From the Inside: The dire consequences of expropriation without compensation

In a few years’ time, we will probably regard the events of Tuesday 31 July as mere foreshocks of the seismic shift that lies ahead.

Two announcements on the same day last week sent a tremor through our economy. In a few years’ time, we will probably regard the events of Tuesday 31 July as mere foreshocks of the seismic shift that lies ahead.

The two announcements were unrelated, and their occurrence a few hours apart, coincidental. Yet each had a profound compounding effect on the other.

In government it is essential to analyse events in this way – to look at the collective impact and mutual “aggravation effect” of seemingly unrelated developments. This is sometimes complex. This week it was obvious.

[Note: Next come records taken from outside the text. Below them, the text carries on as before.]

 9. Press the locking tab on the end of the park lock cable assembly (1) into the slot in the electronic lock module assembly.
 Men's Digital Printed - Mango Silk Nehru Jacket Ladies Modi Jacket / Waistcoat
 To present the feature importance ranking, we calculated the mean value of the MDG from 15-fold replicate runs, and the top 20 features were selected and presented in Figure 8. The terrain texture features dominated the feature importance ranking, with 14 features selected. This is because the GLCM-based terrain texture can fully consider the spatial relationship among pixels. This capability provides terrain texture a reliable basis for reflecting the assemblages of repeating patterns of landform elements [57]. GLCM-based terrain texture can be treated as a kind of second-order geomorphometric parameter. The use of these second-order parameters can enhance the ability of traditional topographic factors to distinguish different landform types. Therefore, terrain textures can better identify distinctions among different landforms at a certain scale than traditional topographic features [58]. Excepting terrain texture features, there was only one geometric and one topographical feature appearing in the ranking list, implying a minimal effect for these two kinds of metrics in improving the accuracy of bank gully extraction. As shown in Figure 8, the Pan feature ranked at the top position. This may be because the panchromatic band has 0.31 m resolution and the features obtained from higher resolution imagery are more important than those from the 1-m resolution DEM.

First, came the quarterly labour force survey results.  For the first time the number of unemployed South Africans almost touched 10-million.  According to economist Mike Schussler, there are now more unemployed than employed people in five out of nine provinces.  Without Gauteng and the Western Cape, South Africa’s unemployment rate would be higher than the employment rate.

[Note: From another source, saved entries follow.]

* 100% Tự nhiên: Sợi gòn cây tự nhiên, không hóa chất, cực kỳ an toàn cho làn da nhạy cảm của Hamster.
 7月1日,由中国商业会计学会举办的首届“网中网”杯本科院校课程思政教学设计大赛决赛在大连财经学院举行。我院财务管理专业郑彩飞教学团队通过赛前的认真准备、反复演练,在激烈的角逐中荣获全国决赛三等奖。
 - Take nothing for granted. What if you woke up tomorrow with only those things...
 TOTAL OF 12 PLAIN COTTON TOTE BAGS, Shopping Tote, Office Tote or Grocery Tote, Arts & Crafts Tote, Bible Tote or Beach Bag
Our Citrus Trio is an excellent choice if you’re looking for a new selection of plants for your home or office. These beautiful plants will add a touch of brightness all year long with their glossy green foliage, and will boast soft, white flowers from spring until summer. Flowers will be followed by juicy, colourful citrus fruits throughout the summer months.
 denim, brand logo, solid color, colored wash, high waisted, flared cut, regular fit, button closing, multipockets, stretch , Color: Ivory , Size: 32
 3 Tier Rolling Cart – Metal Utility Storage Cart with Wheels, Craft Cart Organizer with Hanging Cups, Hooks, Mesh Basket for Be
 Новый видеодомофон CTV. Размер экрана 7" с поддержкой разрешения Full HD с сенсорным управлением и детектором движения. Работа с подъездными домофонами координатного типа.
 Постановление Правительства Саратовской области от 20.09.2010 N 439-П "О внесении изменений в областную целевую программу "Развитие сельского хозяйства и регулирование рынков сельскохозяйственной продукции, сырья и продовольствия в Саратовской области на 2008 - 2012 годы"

With the country still trying to digest the implications of this news came the second shock: the late-night announcement by President Cyril Ramaphosa that government would amend the Constitution to “clarify” the conditions under which land can be expropriated without compensation. This was widely interpreted as a “green light” for expropriation without compensation.

To anyone with even a rudimentary understanding of how jobs are created, the second announcement will dramatically worsen the conditions that gave rise to the first. President Ramaphosa knows this. So why did he do it?

Most commentators speculate that Ramaphosa is driven by the need to hold the ANC’s factions together rather than advance the country’s interest, which requires us to align every policy and action with the over-riding goal of bringing down unemployment.

But land is a highly emotive and symbolic issue that seems to defy rational analysis. It nevertheless beggars belief that Robert Mugabe’s battle-cry, “the land is the economy and the economy is the land”, is gaining so much traction in South Africa, even as Zimbabwe tries to reverse the disaster this caused.

Instead of heralding an era of prosperity for the masses, land grabs destroyed the country’s economy, ended decades of food self-sufficiency, and turned millions into refugees to secure their survival.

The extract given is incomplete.